Raise your hand if you are surprised. I am not. The fact that I am no longer surprised by anything disturbs me.


----------



## csi-tech (Apr 13, 2013)

Anything with USNS in the prefix is not a warship. It is just a support platform. I don't care if you name those the USNS Richard Simmons or USNS Village People. Save real names, of real men and women who actually fight for the combatant vessels.


----------



## Boss Dog (Feb 8, 2013)

Hopefully, It'll sink as it slides off the dry-dock.


----------



## SDF880 (Mar 28, 2013)

Cheese N Rice! WTF! ???

My dad was WW2 Navy 18 years old sent to the south Pacific. He never ever spoke much about it i just saw the pain
in his eyes a few times and few stories of the Kamikazes and some terrible fires on the ship he was on. 

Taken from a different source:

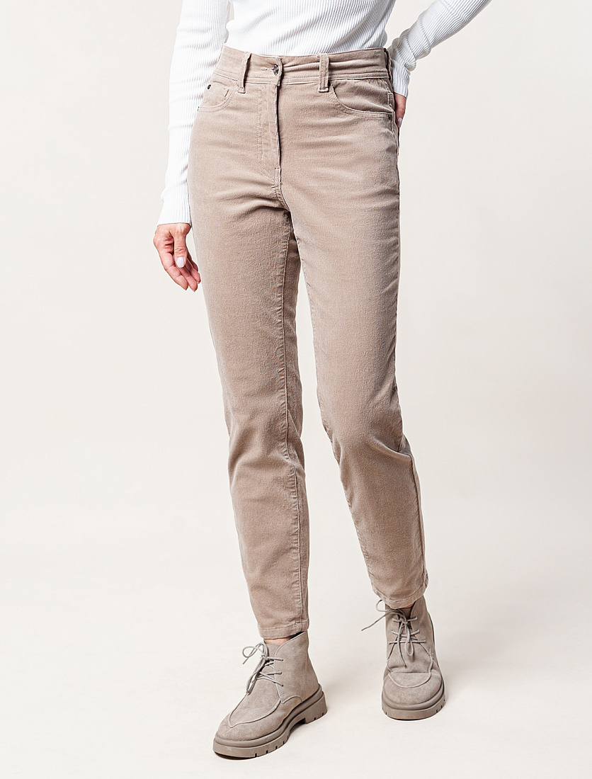 Брюки выполнены из мягкого хлопкового микро-вельвета с добавлением эластана. Изделие комфортно садится по фигуре и не сковывает движения. Модель с пятью карманами, как у джинсов-скинни дополнена высококачественной фурнитурой с фирменным логотипом бренда. Хорошо комбинируется с вязаным трикотажем, блузками и денимом. Как альтернатива брюкам, в нестрогий офисный дресс-код. 98%Хлопок 2%ПУ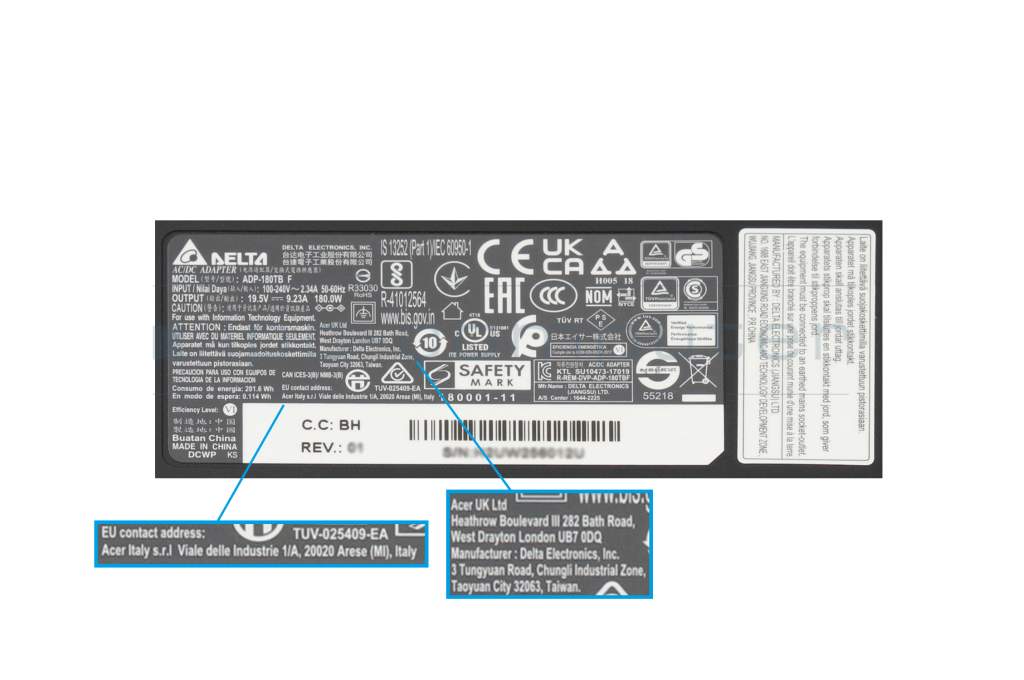 Acer Nitro XV272UX AC-adapter 180.0 Watt slim from Delta Electronics

Dad and I never got along and he beat my ass to try to instill right from wrong and i hated him at times , most times but always respected
him and knew down deep the sacrifice he gave to contribute to our freedom while years later at the same age i cruised for chicks and loud rock N roll. 

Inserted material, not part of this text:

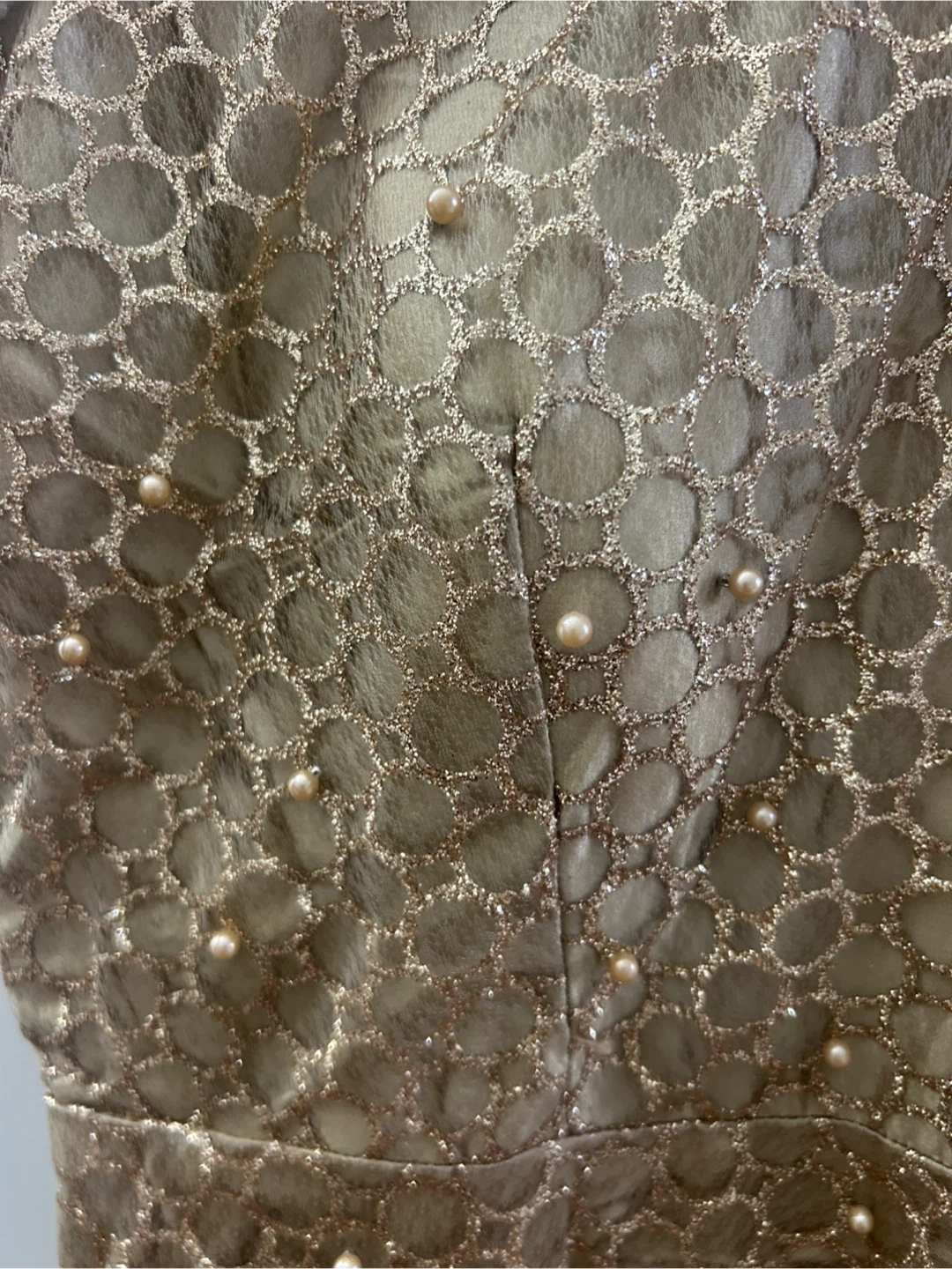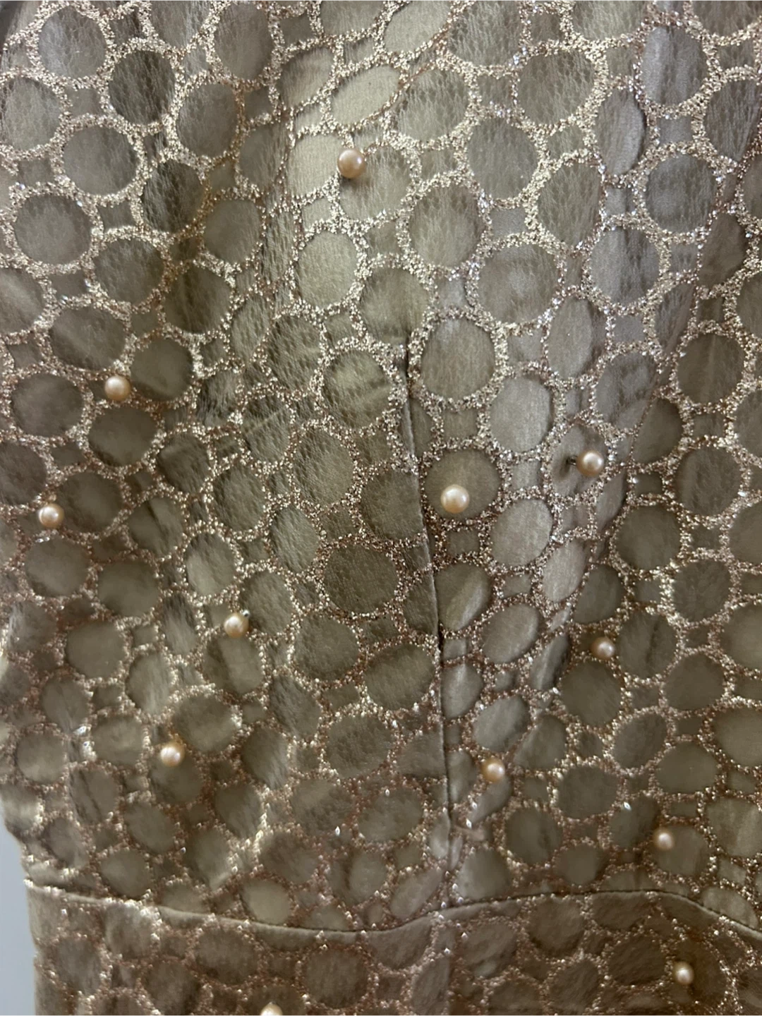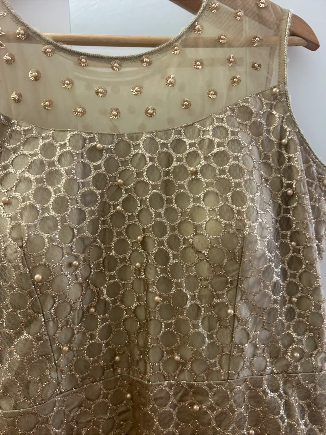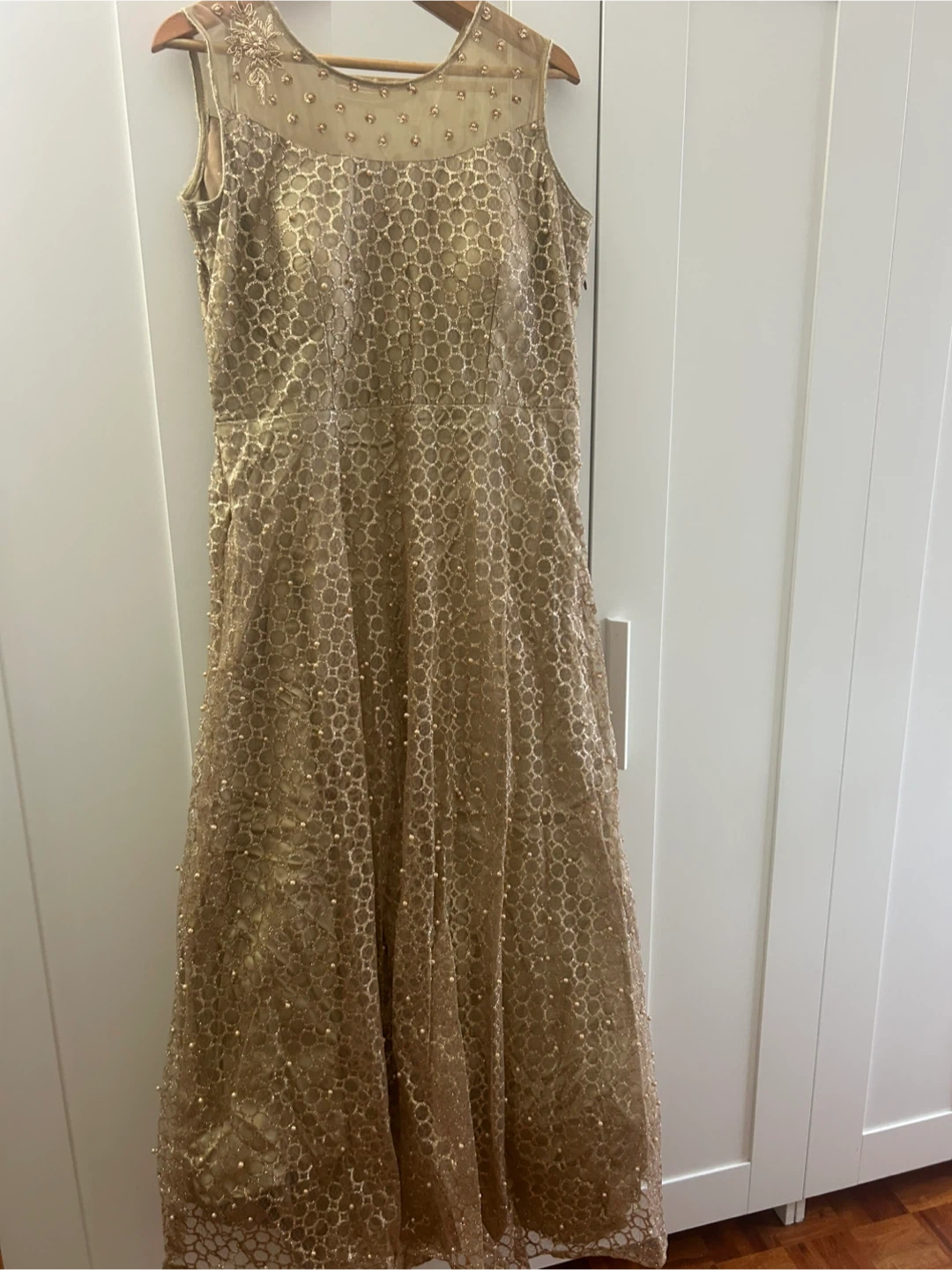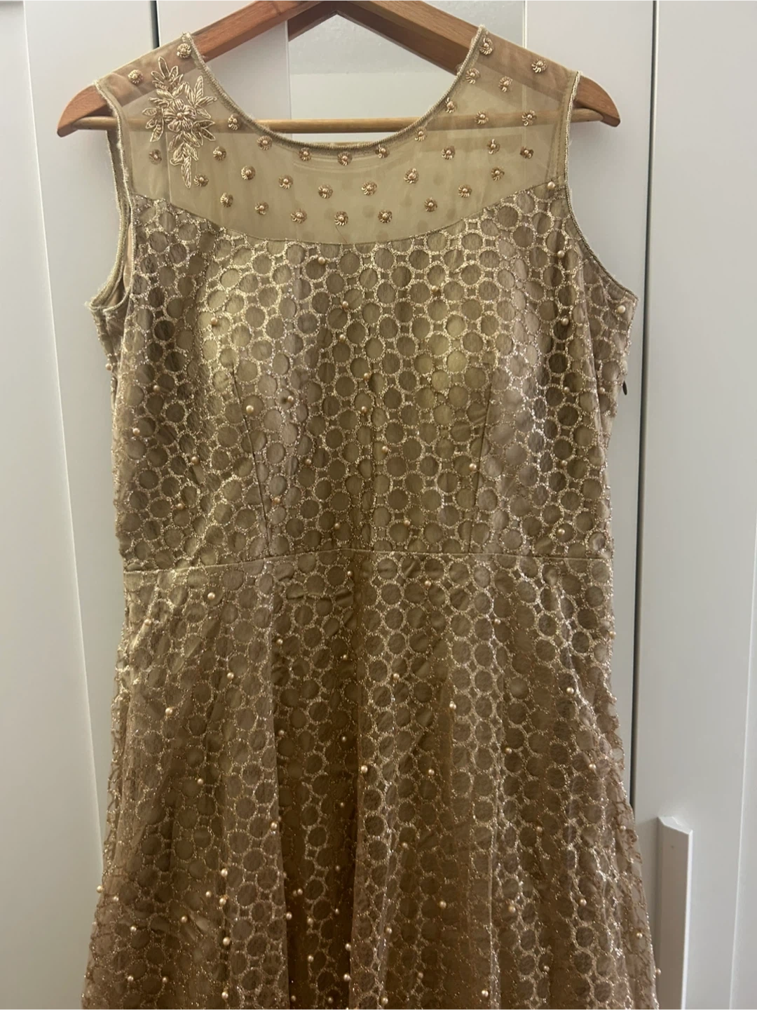 Selling a beautiful gold dress with pearl-like embellishments. It features a sleeveless design and intricate detailing throughout. Perfect for a special occasion!

We owe so much to these folks, my dad, your dad, and many others and now long gone! What the hell is going on? My blood boils daily anymore as
we have just about given up everything to F Ng PC well i say the hell with PC! 

I hope the USS Rainbows and Unicorns sinks right out of the gate and we stop and reflect on our proud traditions and stop this crazy $hit now!

Slippy is right! - The world had gone nuts!

Rant off!

G Nite all


----------



## Moonshinedave (Mar 28, 2013)

U.S.S.N. BEN DOVER (got a nice ring to it)


----------



## Camel923 (Aug 13, 2014)

This ships theme could be "a port in every hole and a hole in every port" with a crew of 175 when the ship returns it will have 87 couples and an odd man out. Ok too much bourbon tonight.


----------



## 1skrewsloose (Jun 3, 2013)

A little humor, I forget the movie, Chevy Chase gets put in jail, introduces himself, fellow inmate responds, "Ben Dover", nice to meet you Ben.


----------



## Illini Warrior (Jan 24, 2015)

there's going to be just a ton of crap for Trump to clean up - but an absolute INSULT to the military and the US in general - this needs to remedied ....


----------



## Slippy (Nov 14, 2013)

Slippy said:


> C'mon man, you be messin' with us?


I'm serious, is this for real?


----------



## Targetshooter (Dec 4, 2015)

If it's real , the Navy really sucks now , LMAO .


----------



## Illini Warrior (Jan 24, 2015)

Slippy said:


> I'm serious, is this for real?


this is actually old news - the announcement goes back like a year now .... just watch what else Obammy has in mind as a lasting insult - especially that Lame Duck period between November 8th & January 20th ....


----------



## Camel923 (Aug 13, 2014)

Targetshooter said:


> If it's real , the Navy really sucks now , LMAO .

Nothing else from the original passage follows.